The importance of workforce stability

Helen Alwell takes a look at the current state of reorganisation, the emergence of LATCOs and the hidden workforce risks leaders need to manage

© Ella Doroshchenko / Shutterstock

© Ella Doroshchenko / Shutterstock

Local government reorganisation (LGR) and the growth of local authority trading companies (LATCOs) are reshaping how adult social care is delivered. While much attention is given to structures, funding and commissioning, the most immediate risk sits beneath the surface: workforce stability.

In a sector already operating within a fragile labour market, uncertainty around future leadership, accountability and service models can quickly lead to the loss of experienced leaders, registered managers and qualified professionals. The consequences are immediate and tangible: operational pressure increases, regulatory risk escalates and service continuity is weakened at precisely the point stability is needed most.

For leaders navigating LGR, retaining and stabilising the social care workforce is not a secondary consideration. It is central to delivering safe, resilient and sustainable services.

Periods of reorganisation inevitably create uncertainty. Questions around contracts, future roles, reporting lines and governance arrangements can linger for months, sometimes years. Even when leaders believe they are communicating regularly, a lack of clarity on the ‘end state' can quickly erode confidence. Morale dips, engagement drops and productivity can suffer long before any formal changes take effect.

The biggest risk? High-performing people are often the first to leave

Experienced, in-demand professionals tend to have options. When ambiguity persists, they are more likely to seek certainty elsewhere often in neighbouring authorities, combined authorities, LATCOs with clearer remits, or outside local government altogether. This creates a double challenge: organisations lose their strongest talent just when stability and institutional knowledge are most needed, and remaining teams are left carrying increased workloads during an already challenging transition.

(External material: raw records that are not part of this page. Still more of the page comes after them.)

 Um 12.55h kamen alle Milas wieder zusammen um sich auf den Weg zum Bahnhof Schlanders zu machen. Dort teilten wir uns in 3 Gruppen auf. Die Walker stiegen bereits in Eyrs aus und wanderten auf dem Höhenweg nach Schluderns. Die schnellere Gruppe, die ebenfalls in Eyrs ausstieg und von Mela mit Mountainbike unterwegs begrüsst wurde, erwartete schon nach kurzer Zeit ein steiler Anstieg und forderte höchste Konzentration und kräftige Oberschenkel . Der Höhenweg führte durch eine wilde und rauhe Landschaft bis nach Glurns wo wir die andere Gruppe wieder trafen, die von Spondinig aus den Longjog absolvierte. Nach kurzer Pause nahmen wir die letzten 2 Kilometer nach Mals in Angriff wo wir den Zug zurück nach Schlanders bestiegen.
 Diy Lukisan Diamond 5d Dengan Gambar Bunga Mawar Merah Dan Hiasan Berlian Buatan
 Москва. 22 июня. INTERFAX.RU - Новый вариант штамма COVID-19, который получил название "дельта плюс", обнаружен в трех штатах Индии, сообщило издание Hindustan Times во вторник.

The added complexity within social care LATCOs

For LATCOs, workforce risk is even more nuanced but in social care LATCOs, the stakes are higher still. The social care workforce is already operating in a fragile labour market. Recruitment and retention challenges are well documented, and any uncertainty around future commissioning models, contract novation or funding flows can intensify turnover. Social care LATCOs often rely on a predominantly frontline workforce working on tight margins, with limited organisational resilience to absorb disruption. When uncertainty increases, vacancy rates and agency costs can climb quickly, undermining the financial assumptions on which the LATCO operates.

Regulatory risk elevates workforce instability further

Unlike LATCOs in other service areas, adult social care trading companies must maintain compliance with Care Quality Commission standards throughout structural change. Workforce instability, particularly among registered managers, service managers or qualified professionals poses an immediate regulatory and reputational risk. CQC places heavy emphasis on leadership visibility, safe staffing and quality oversight; consequently, high turnover or unclear lines of accountability can trigger deterioration in ratings or heightened scrutiny.

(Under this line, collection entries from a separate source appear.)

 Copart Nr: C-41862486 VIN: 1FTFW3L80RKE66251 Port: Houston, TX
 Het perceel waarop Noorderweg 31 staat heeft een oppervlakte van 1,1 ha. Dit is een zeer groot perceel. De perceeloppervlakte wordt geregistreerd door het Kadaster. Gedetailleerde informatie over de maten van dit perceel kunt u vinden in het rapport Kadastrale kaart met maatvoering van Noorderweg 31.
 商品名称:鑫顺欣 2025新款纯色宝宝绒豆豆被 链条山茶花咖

During LGR, the commissioner-provider environment can also shift. Social care LATCOs may face evolving contract volumes, quality expectations or new performance frameworks. This uncertainty directly affects leadership confidence and candidate behaviour. Senior leaders – especially those carrying ‘responsible individual' or ‘registered manager' – status are understandably cautious about stepping into environments where strategic direction, contractual risk or long-term mandate remain unclear.

Lean leadership and single points of failure

Social care LATCOs frequently operate with lean leadership teams. This means single points of failure are common in areas such as quality, safeguarding, operations and registered management. During LGR, when strategic oversight is already stretched, the loss of even one senior figure can have significant operational and safety implications.

Culture and identity pressures

Care services depend heavily on a stable, values-driven culture. But LATCOs navigating LGR can find themselves caught between different identities: council heritage, trading company autonomy and the realities of the social care provider market. If leaders do not actively articulate the LATCO's purpose, values and future role, frontline staff already delivering emotionally demanding roles can quickly feel disconnected or undervalued.

Why communication and leadership stability matter

Clear, honest and consistent communication is one of the most powerful retention tools leaders have during LGR. This is not about having all the answers – often that is impossible – but about being transparent on what is known, what is not and when updates will be shared. Silence or vague reassurance tends to create more anxiety than acknowledging uncertainty head-on.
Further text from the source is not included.